When reading horizontally, rows will not sum to 100%, but are still indicative of the residences of people getting vaccinated in a certain region. For example, reading the plot on the left in a horizontal fashion we may note that 92% of the residents of ADM1_2 get vaccinated there as well, but this region also vaccinates a significant proportion of residents of ADM1_3 (13%).
Example at Second Administrative Level
An analysis at a more granular level is beneficial in this case. Let us repeat the above process, but at the second administrative level (e.g., districts within a certain region).
# compute distribution of doses for each place of residence at second
# administrative level (focus on ADM1_3 only for this example)
distribution_df3 <- roc_distribution(
data.EIR = pahoabc.EIR,
vaccine = "DTP1",
geo_level = "ADM2",
birth_cohort = 2023,
include_self_matches = FALSE,
within_ADM1 = "ADM1_3" # set the region to drill into
)
# show results in plot
distribution_plot3 <- roc_heatmap(
distribution_df3
)
# show
distribution_plot3
In this heatmap, we observe the proportion of vaccination events that take place in a location different from the place of residence, broken down by the second administrative level.
As an example, it is notable that among all individuals residing in ADM2_3_10 who are vaccinated outside their area of residence, 72% receive their vaccine in ADM2_3_11. Similarly, 23% of individuals from ADM2_3_23 who are vaccinated elsewhere, are vaccinated in ADM2_3_11.

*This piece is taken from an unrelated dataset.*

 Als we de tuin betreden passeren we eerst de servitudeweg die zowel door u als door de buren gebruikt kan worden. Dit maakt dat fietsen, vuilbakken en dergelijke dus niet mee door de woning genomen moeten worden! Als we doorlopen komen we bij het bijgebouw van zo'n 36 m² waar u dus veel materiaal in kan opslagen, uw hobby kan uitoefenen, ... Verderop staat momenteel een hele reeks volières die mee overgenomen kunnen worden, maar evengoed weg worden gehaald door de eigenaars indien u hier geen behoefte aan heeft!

Looking at the heatmap horizontally, we can see that ADM2_3_20 provides vaccinations to a large number of people coming from other areas: 35% of those from ADM2_3_7, 18% from ADM2_3_15, 17% from ADM2_3_12, 14% from ADM2_3_17, etc.
The top row is also interesting, since it indicates people getting vaccinated outside of ADM1_3 entirely. For example, in column 4, 85% of the residents of ADM3_3_13 get vaccinated outside of ADM1_3, suggesting a strong population flow.
Summary
This vignette showed how you can use the PAHOabc package to compare vaccination coverage by place of residence and place of occurrence, and to explore how people move between areas to get vaccinated.

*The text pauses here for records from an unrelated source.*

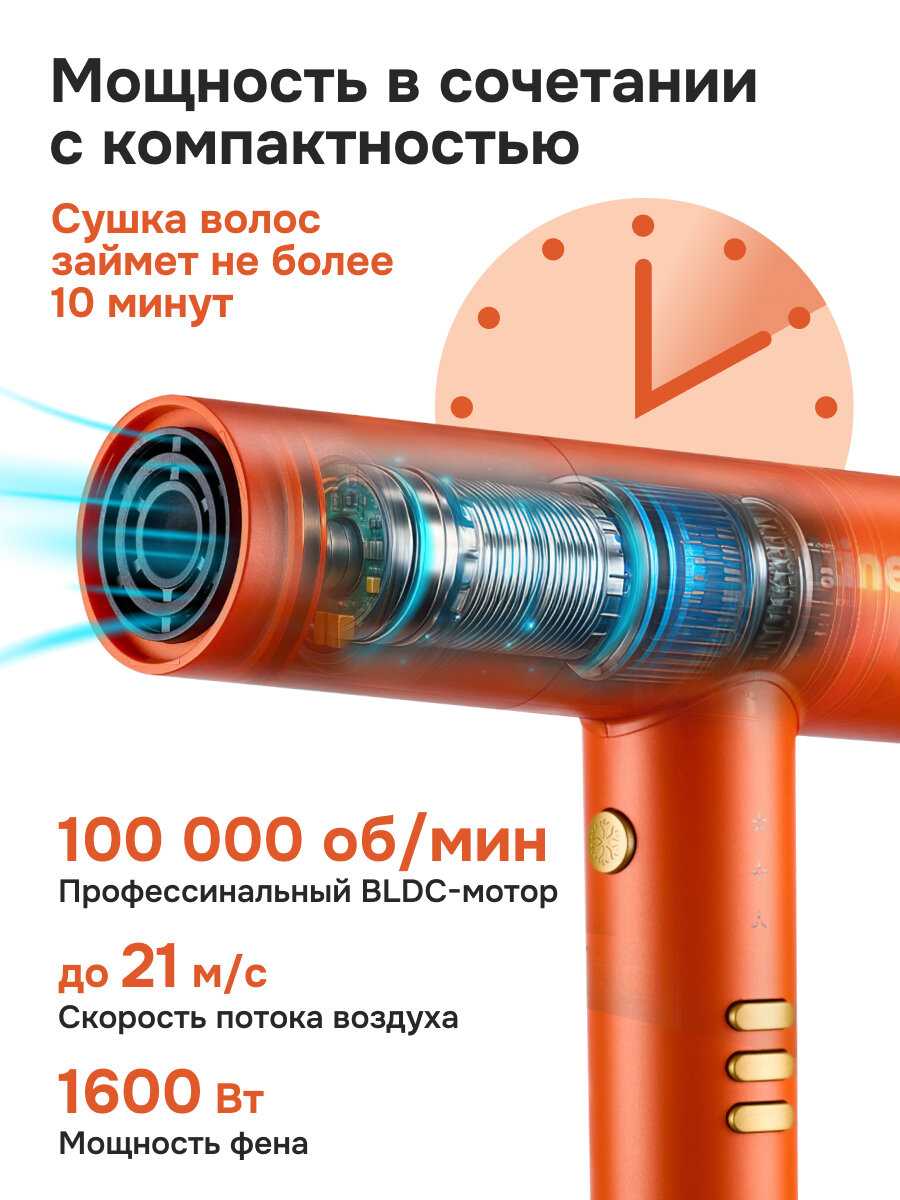 - + Предусмотрены комбинации для настройки индивидуальной комфортной сушки волос.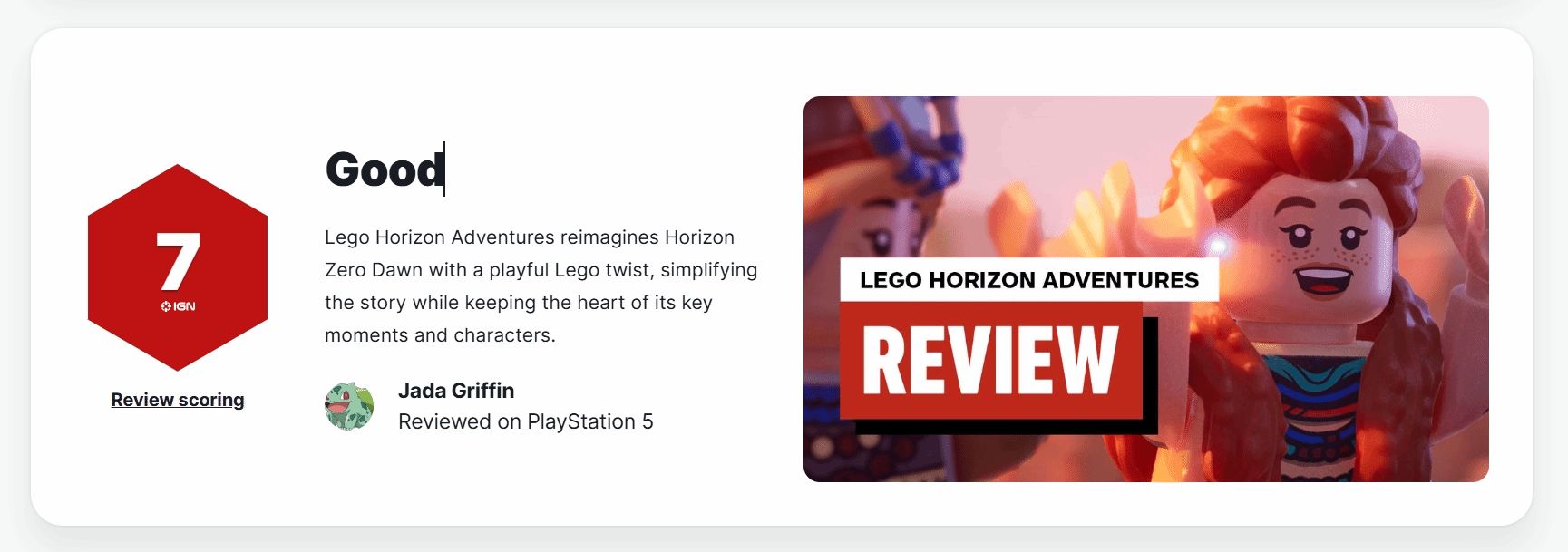《乐高地平线大冒险》的媒体评分已经于今日解禁,IGN为本作打出了7分的评价。简评:《乐高地平线大冒险》以充满趣味的乐高风格重新演绎了《地平线:零之曙光》,简化了故事情节,同时保留了关键时刻和角色的核心精神。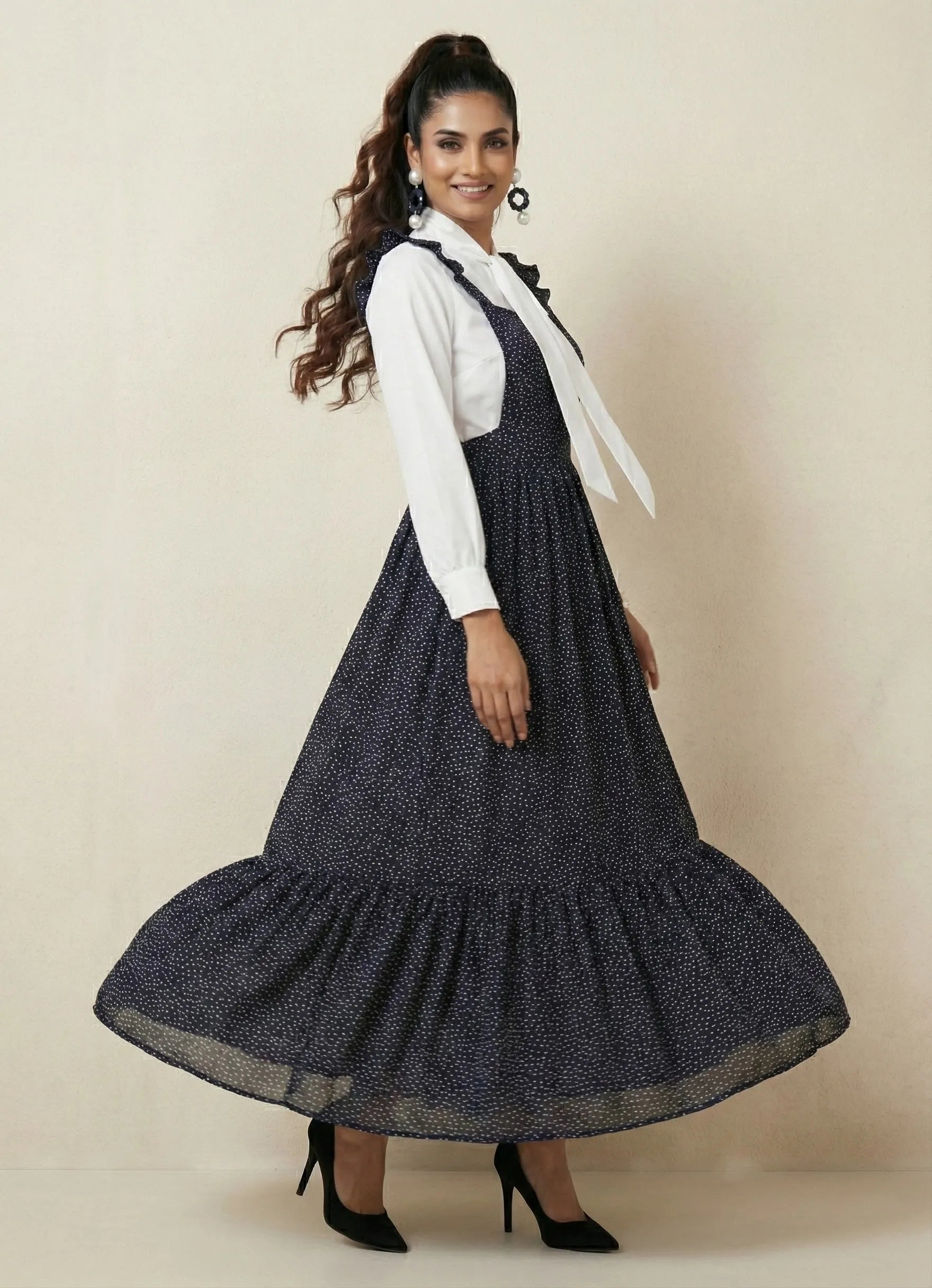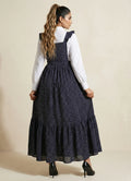 Make a playful statement with this black and white polka dot ensemble, featuring a full-length 1-piece dress paired with a stylish knot shirt. Designed with full cuff sleeves and a chic tie-neck, this cotton blend digital print set blends classic charm with modern style—perfect for both casual outings and special occasions.

We saw that coverage can vary a lot depending on which location you use, and in some cases, coverage by occurrence can go over 100% — a sign that people are coming from elsewhere to get vaccinated. The distribution and heatmap functions help visualize these patterns and can reveal which areas act as service hubs or where people are going for vaccines.
Overall, this kind of analysis helps make sense of population flows and supports better planning for immunization programs.